The first line contains two integers $n$ and $k\ (1\le n,k\le 3\,000)$, representing the length of the permutations and the number of Bytie’s favorite permutations.

The next $k$ lines each contain $n$ pairwise distinct integers $a_{i,1},a_{i,2},\ldots,a_{i,n}\ (1\le a_{i,j}\le n)$, describing Bytie’s $i$-th favorite permutation.

Output Format

Output one integer in a single line: the average number of inversions among all permutations that Bytie may write down, taken modulo $10^9+7$.

Formally, let the result be $\frac{p}{q}$, where $q\neq 0$ and $\gcd(p,q)=1$. Output $p\cdot q^{-1}\pmod{10^9+7}$, where $q^{-1}$ is the unique integer in $1,2,\ldots,10^9+6$ such that $q\cdot q^{-1}\equiv 1\pmod{10^9+7}$.

It can be proven that for all valid testdata, the result is a rational number whose denominator in lowest terms is not divisible by $10^9+7$.

3 1
2 3 1

333333337

5 2
2 1 3 4 5
2 3 4 5 1

5

Hint

In the first sample, Bytie will write the permutation $\{1,2,3\}$ (which has $0$ inversions), the permutation $\{2,3,1\}$ (which has $2$ inversions), and the permutation $\{3,1,2\}$ (which has $2$ inversions).
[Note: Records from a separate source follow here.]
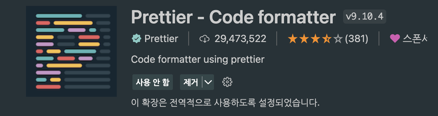 Prettier익스텐션은 코드 작성 후 저장하게 되면 코드가 깔끔하게 정리가 됩니다.
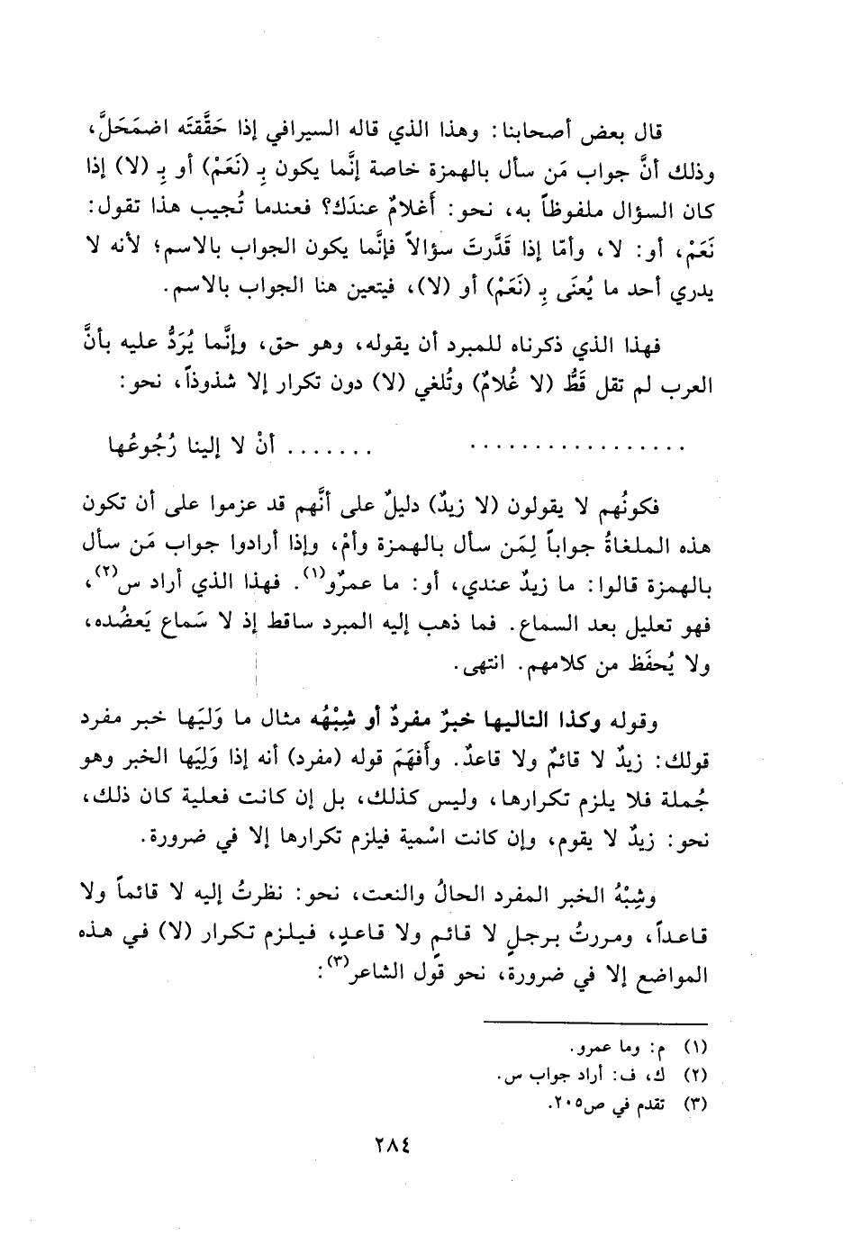 قال بعض أصحابنا: وهذا الذي قاله السيرافي إذا حققته اضمحل، وذلك أن جواب من سأل بالهمزة خاصة إنما يكون بـ (نعم) أو بـ (لا) إذا كان السؤال ملفوظًا به، نحو: أغلامٌ عندك؟ فعندما تُجيب هذا تقول: نعم، أو: لا، وأما إذا قدرت سؤالًا فإنما يكون الجواب بالاسم؛ لأنه لا يدري أحد ما يُعني بـ (نعم) أو (لا)، فيتعين هنا الجواب بالاسم.
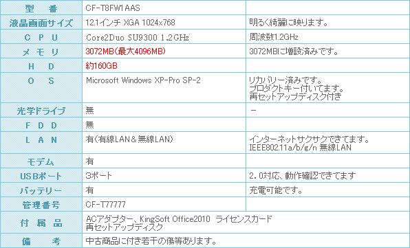 メモリーは3GBまで増設済みです。
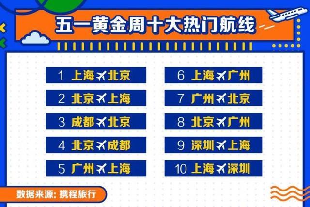 《報告》稱,今年五一期間,消費(fèi)者跨省出游意愿強(qiáng)烈,攜程機(jī)票單日訂單量對比2019年同期最高增幅約28%。上海-北京、北京-上海、成都-北京、北京-成都、廣州-上海、上海-廣州、廣州-北京、北京-廣州、深圳-上海、上海-深圳為“五一”黃金周十大熱門航線。

Therefore, the average number of inversions is $\frac{4}{3}$. Also, $3^{-1}\equiv 333333336\pmod{10^9+7}$, so the answer is $333333336\cdot 4\equiv 1333333344\equiv 333333337\pmod{10^9+7}$.

In the second sample, Bytie will write all permutations of $5$ elements. It is easy to prove that their average number of inversions is $5$.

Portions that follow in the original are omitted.